Les Sénégalais doivent le savoir. Voilà pourquoi dans l’imagerie populaire, le Président est tout. Lorsqu’un problème se pose au coin de la rue, on n’interpelle jamais le chef de quartier ou le maire ou le souspréfet ou une quelconque autre autorité. On interpelle directement le Président de la République. Le Sénégal a besoin d´une révolution républicaine c’est-à-dire un nouveau type d’Etat. Nous devons faire table rase d´un certain mimétisme constitutionnel produit d’une longue domination, même s’il convient de saluer la glorieuse révolution de 1789 qui a engendré la démocratie représentative à la française. Mais entendons-nous bien ! Il est exclu de déshabiller Pierre pour habiller Paul.
Le Président de la République est élu par le peuple au suffrage universel direct pour présider à sa destinée. Donc, il doit disposer de pouvoirs conséquents en tant que tel. Ici, il s’agit d’un souci d’équilibrer les institutions et de leur doter de pouvoirs et de moyens de travail de sorte que le pouvoir puisse arrêter le pouvoir.
Etant donné qu’il n’existe aucune législation au-dessus des intérêts en lutte, la Constitution doit être très clairement au service des intérêts du peuple sénégalais et de l’Afrique. On ne le dit pas souvent mais dans notre Assemblée nationale les couches populaires qui créent l’essentiel des richesses du pays sont quasi absentes. Où sont les paysans à l’Assemblée nationale ? Où sont les ouvriers ? Où sont les pêcheurs ? Où sont les artisans ? Où sont nos entrepreneurs ? Je ne parle pas évidement de représentation mode faire-valoir. C’est une grande faiblesse de l’institution. Le résultat en est que ces couches récusent à juste titre le système actuel qui les marginalise et préfèrent porter elles-mêmes sans intermédiaire leurs revendications à l’Assemblée.

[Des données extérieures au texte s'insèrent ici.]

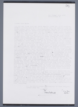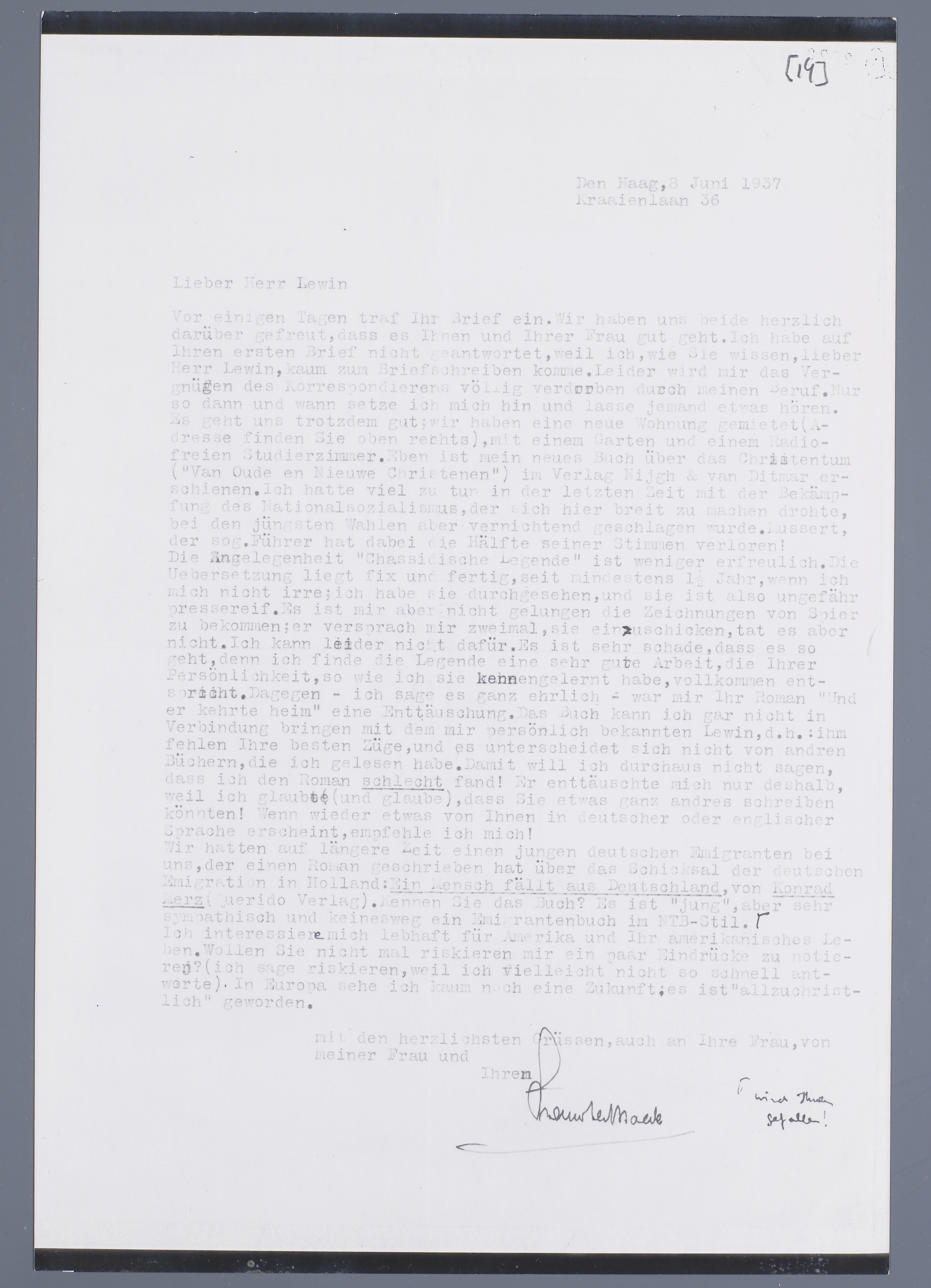 Vor einigen Tagen traf Ihr Brief ein. Wir haben uns beide herzlich darüber gefreut, dass es Ihnen und Ihrer Frau gut geht. Ich habe auf Ihren ersten Brief nicht geantwortet, weil ich, wie Sie wissen, lieber Herr Lewin., kaum zum Briefschreiben komme. Leider wird mir das Vergnügen des Korrespondierens völlig verdorben durch meinen Beruf. Nur so dann und wann setze ich mich hin und lasse jemand etwas hören. Es geht uns trotzdem gut: wir haben eine neue Wohnung gemietet (Adresse finden sie oben rechts), mit einem Garten und einem Radiofreien Studierzimmer. Eben ist mein neues Buch über das Christentum (‘Van oude en nieuwe Christenen’) in Verlag Nijgh & van Ditmar erschienen. Ich hatte viel zu tun in der letzten Zeit mit der Bekämpfung des Nationalsozialismus, der sich hier breit zu machen drohte, bei den jüngsten Wahlen aber vernichtend geschlagen wurde. Mussert, der sog. Führer hat dabei die Hälfte seiner Stimmen verloren!

Ainsi, les transporteurs font leurs listes, les pêcheurs font leurs listes, les artisans, les éleveurs, les paysans, les ouvriers … en font de même. C’est une exigence pour eux. Il est vrai qu’à terme le risque existe, avec cette logique, d’une atomisation du mouvement populaire, d´une fragmentation des forces et, in fine, d´un affaiblissement global. Mais le mode de fonctionnement des partis et le mode de confection des listes de candidats ne cadrent pas malheureusement avec une prise en charge efficace de cette exigence. C’est tout ce qui précède qui fonde et justifie la nécessité de faire émerger une véritable force politique d’avant-garde qui porte clairement et systématiquement cette vision et capable d’y gagner toutes ces couches populaires qui ne se voient pas dans les pratiques politiques actuelles.
Leurs dirigeants, hommes et femmes devront aussi se retrouver à la tête de cette force politique pour conduire les processus de transformation du pays. Ils doivent être largement représentés dans un parlement réhabilité et restauré pour délibérer exclusivement dans le sens des intérêts du peuple laborieux.
La tâche centrale de cette force politique englobe naturellement une nouvelle configuration du mouvement patriotique et progressiste dans notre sous-région ouest africaine en proie aux flammes de la guerre tant il est vrai que nous n’avons pas le choix, c’est vaincre ensemble ou périr séparément. «Rien n’est impossible dans l’univers pour celui qui ose escalader les cieux»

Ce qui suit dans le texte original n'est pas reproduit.